Занявшись стиркой, я в очередной раз прокручивала в голове наш странный разговор с Рафаэлем про его мать и Ромку. И меня.
Вроде, мне даже должно быть лестно его решение: получается, никто из его семьи не будет знать, что не я родила Ромку, не я биологическая мать моему мальчику.
А с другой… неужели родные Рафаэля окажутся настолько безразличны к тому, откуда я сама, кто мои родные? Неужели матери Валеева будет неинтересно узнать, кто другие бабушка и дедушка её внука — пусть они уже умерли, но они же были! И брат мой был…

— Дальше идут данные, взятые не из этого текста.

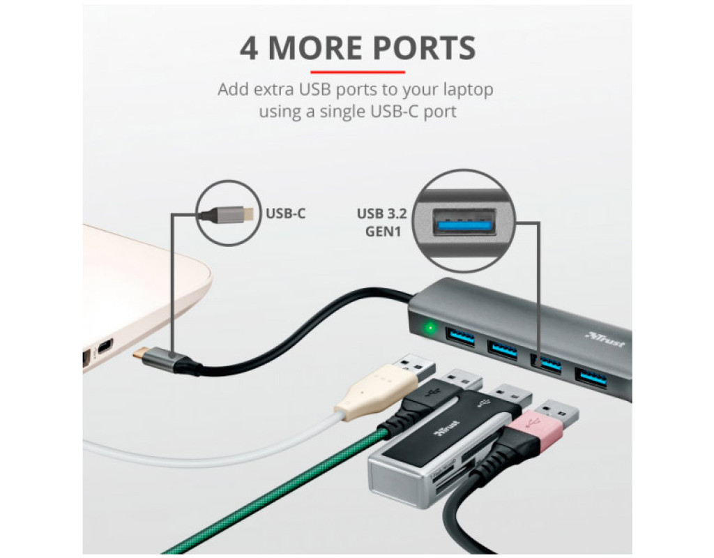 Trust Halyx 4 Port USB 3.2 стильний алюмінієвий USB-концентратор додає до вашого комп'ютера 4 додаткові порти USB-A зі швидкістю 5 Гбіт/с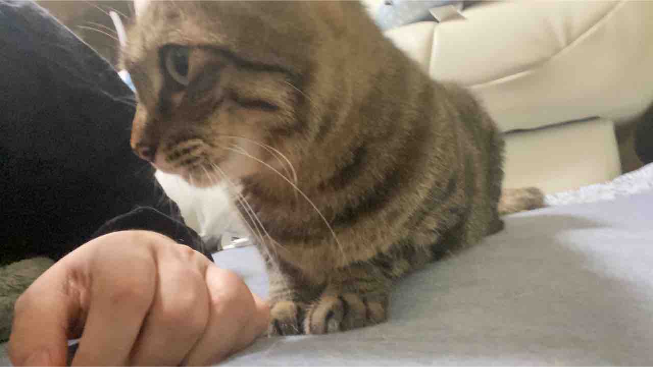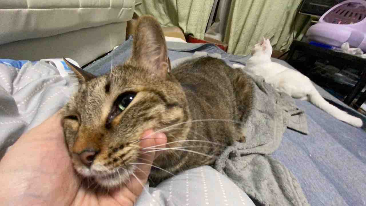 一気に子猫に戻る時雉。時雉はどこを撫でられるというよりぴったりくっついて甘えるというのが好きなのです。つまり、かまってもらえるならなんでもよし。膝上に乗るでも、寝て撫でられるでも。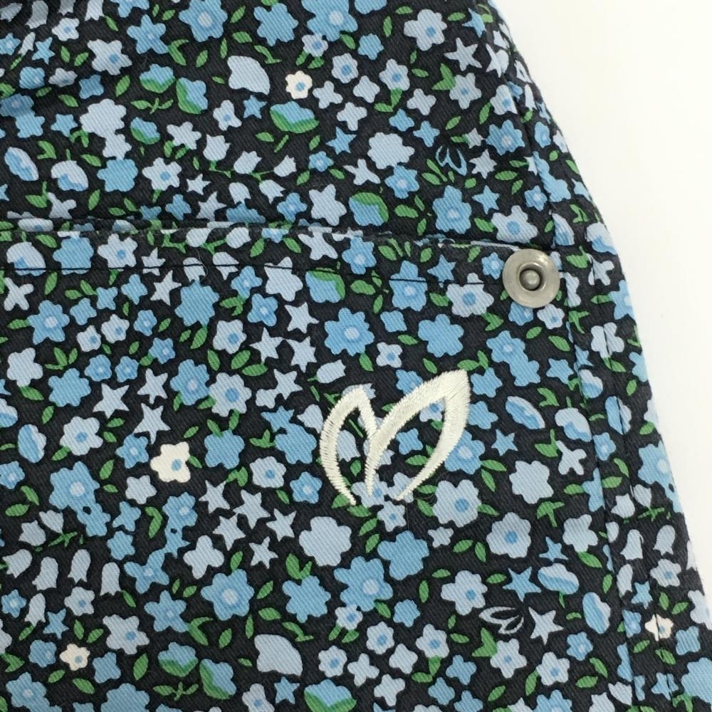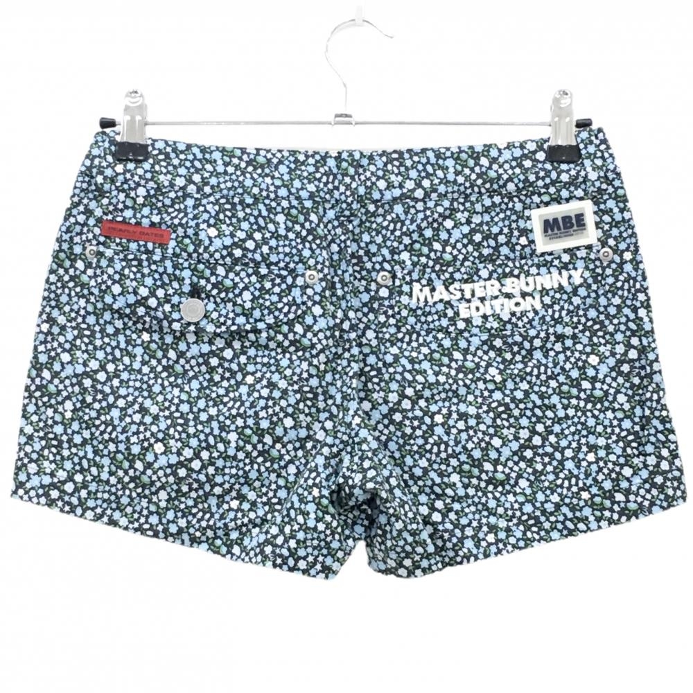 【美品】マスターバニー ショートパンツ ネイビー×ライトブルー系 小花柄 レディース 0(S) ゴルフウェア MASTER BUNNY EDITION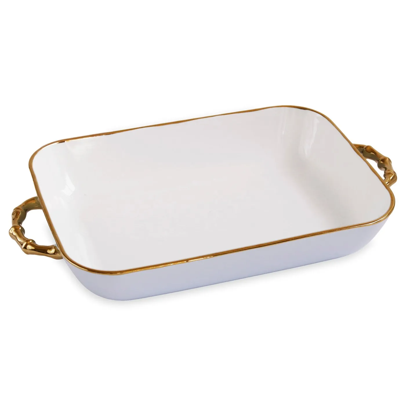 Oven-to-table elegance. The CERAMIC Bambu Rectangular Casserole in periwinkle & white is crafted in durable porcelain and accented with bamboo-shaped handles in gleaming titanium gold. Ideal for baking casseroles, roasting vegetables, or serving family favorites in style.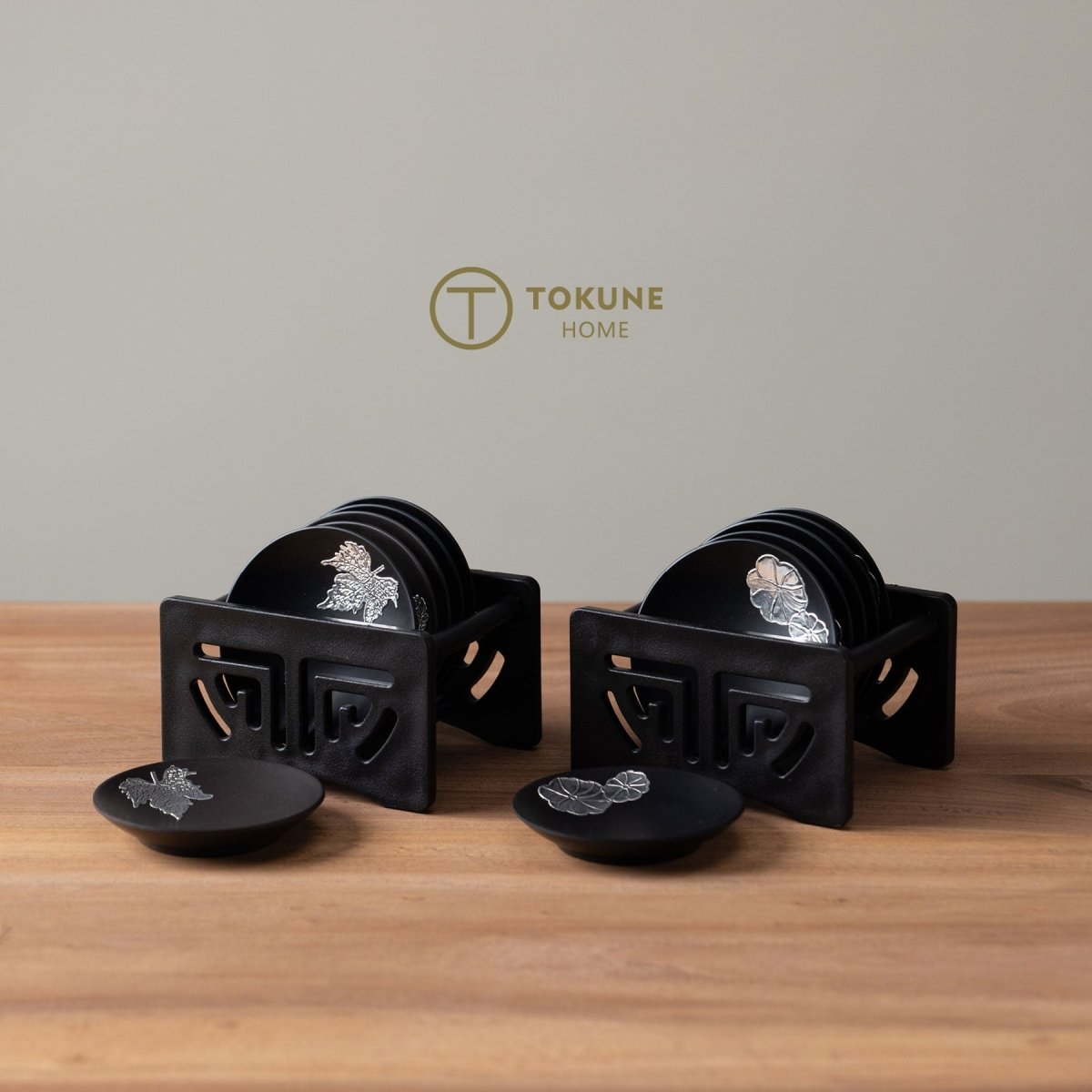 デザインは葡萄の葉と朝顔の葉の2種類があり、それぞれ6枚入りで専用ホルダー付き。日常のティータイムを格上げするだけでなく、来客時のおもてなしにもぴったりです。シンプルでありながら上質な存在感を放つこのコースターセットは、ギフトや特別な日の贈り物にも最適な逸品です。

Замачивая Ромкин свитер с пятном, я почувствовала, что плачу. Потому что этот разговор — эта идея, которую озвучил Валеев, наглядно продемонстрировала моё место.
Нет, ничего ужасного, я оказалась именно там, на что, собственно, и подписывалась — он хотел жену и ребенка, он получил жену и ребенка. А я получила возможность остаться при сыночке.
Господи, ну почему же так тошно!
Я целый день избегала Рафаэля, стараясь как можно меньше встречаться с ним в квартире — тяжелое испытание, особенно когда ты живёшь в однушке. Но я к этому времени уже начала перебирать документы, решая, какие мне следует взять с собой, а какие можно уже и выкинуть за ненадобностью — я давно не разбиралась в бумажках, и за пару лет накопилась всякого… от справки из гарантийного ремонта телефона до банковской распечатки, которая мне уже была не нужна.
Неделя вообще получилась какая-то нервная, странная… и честно говоря, когда на выходных Валеев повез нас с Ромкой знакомиться с его матерью, я не ожидала от этого знакомства ничего хорошего.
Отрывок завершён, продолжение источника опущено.